• **Assigned task**:
Please copy exactly the part of the records below that opens with the line containing "FOUL MUDAMAS 🌱 .. MED $10.99 • LG $14.99" and closes with the line containing "CC101 LAKE PLACID", leaving out any pictures.

• **Input data**:
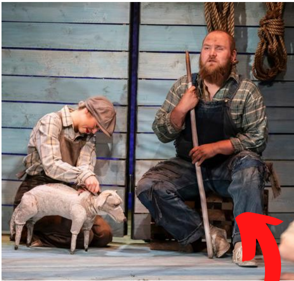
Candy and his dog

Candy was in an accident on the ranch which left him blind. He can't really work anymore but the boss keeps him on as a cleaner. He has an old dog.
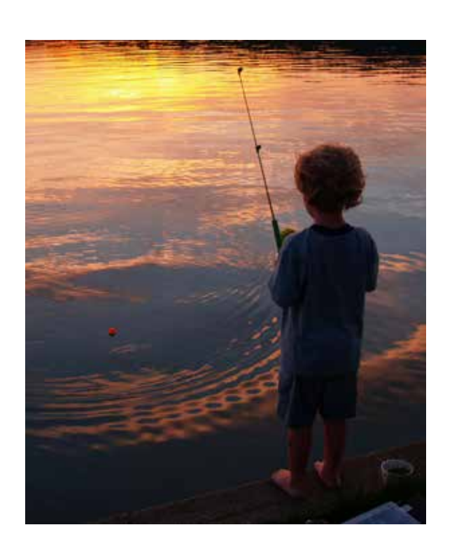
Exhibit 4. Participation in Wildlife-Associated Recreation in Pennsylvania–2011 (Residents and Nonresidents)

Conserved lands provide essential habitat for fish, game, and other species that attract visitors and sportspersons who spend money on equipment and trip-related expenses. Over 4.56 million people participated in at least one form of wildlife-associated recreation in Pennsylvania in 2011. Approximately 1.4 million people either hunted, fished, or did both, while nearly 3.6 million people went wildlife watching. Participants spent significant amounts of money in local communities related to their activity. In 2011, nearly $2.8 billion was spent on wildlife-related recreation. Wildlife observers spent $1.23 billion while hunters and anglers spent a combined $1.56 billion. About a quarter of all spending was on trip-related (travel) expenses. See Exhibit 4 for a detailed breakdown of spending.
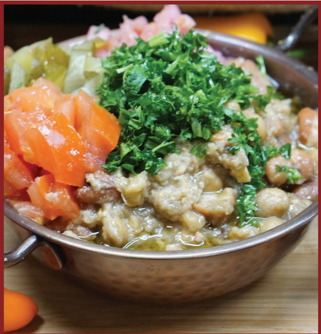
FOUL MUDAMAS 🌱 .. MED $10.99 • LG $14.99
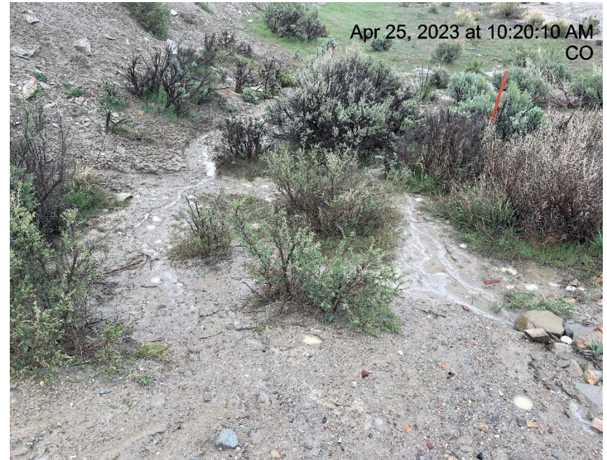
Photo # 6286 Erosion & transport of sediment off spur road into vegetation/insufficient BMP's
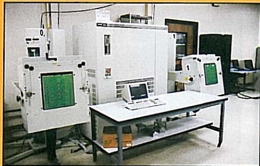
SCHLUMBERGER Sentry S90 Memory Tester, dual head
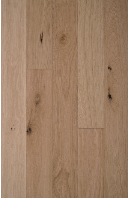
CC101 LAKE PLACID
==
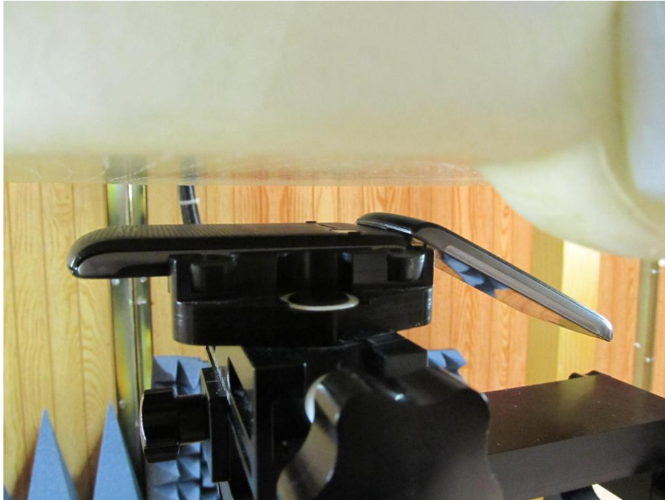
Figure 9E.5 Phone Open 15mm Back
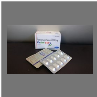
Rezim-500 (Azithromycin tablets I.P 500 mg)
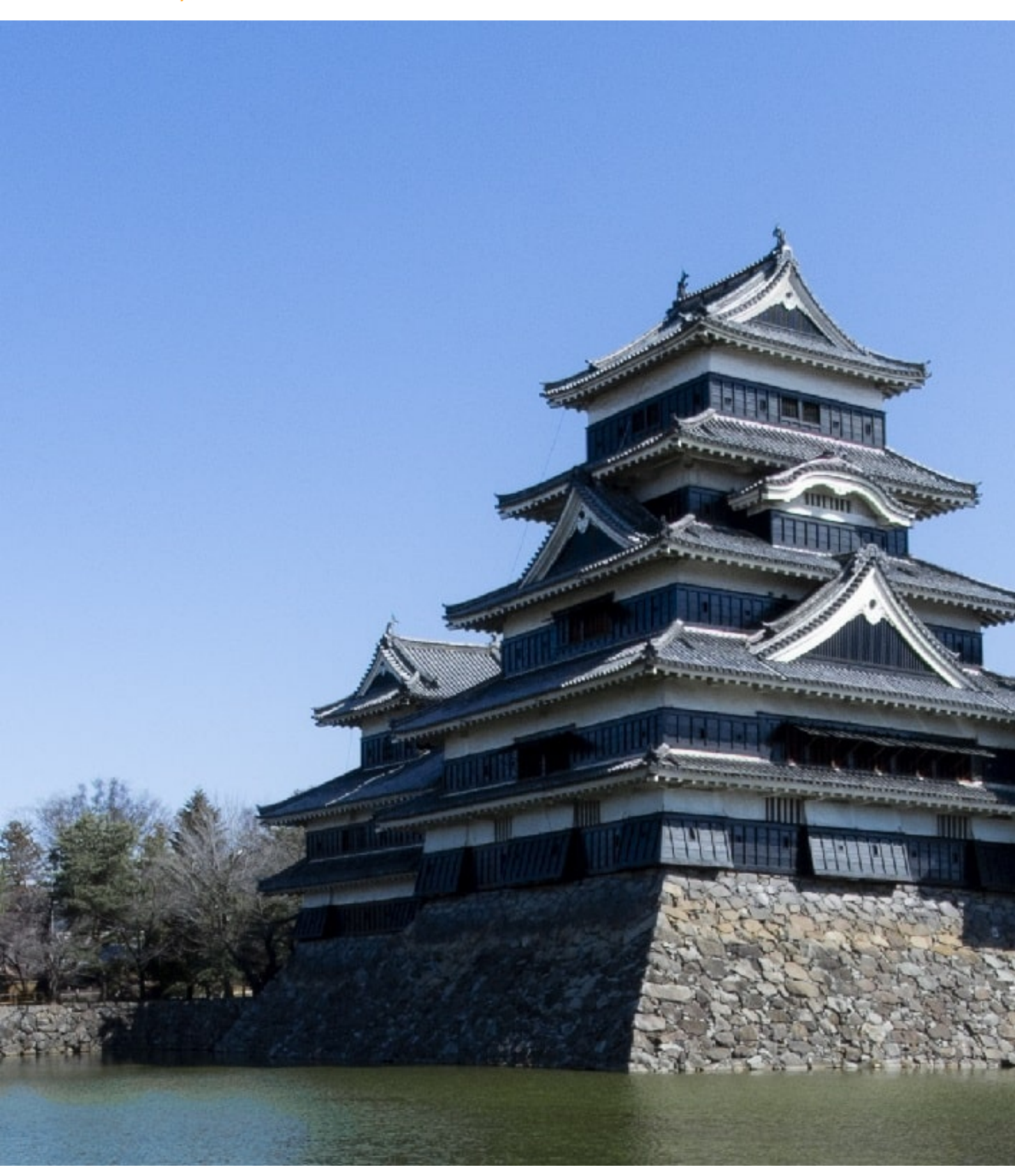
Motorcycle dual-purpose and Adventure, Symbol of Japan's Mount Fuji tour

• **Answer to the problem**:
FOUL MUDAMAS 🌱 .. MED $10.99 • LG $14.99
Photo # 6286 Erosion & transport of sediment off spur road into vegetation/insufficient BMP's
SCHLUMBERGER Sentry S90 Memory Tester, dual head
CC101 LAKE PLACID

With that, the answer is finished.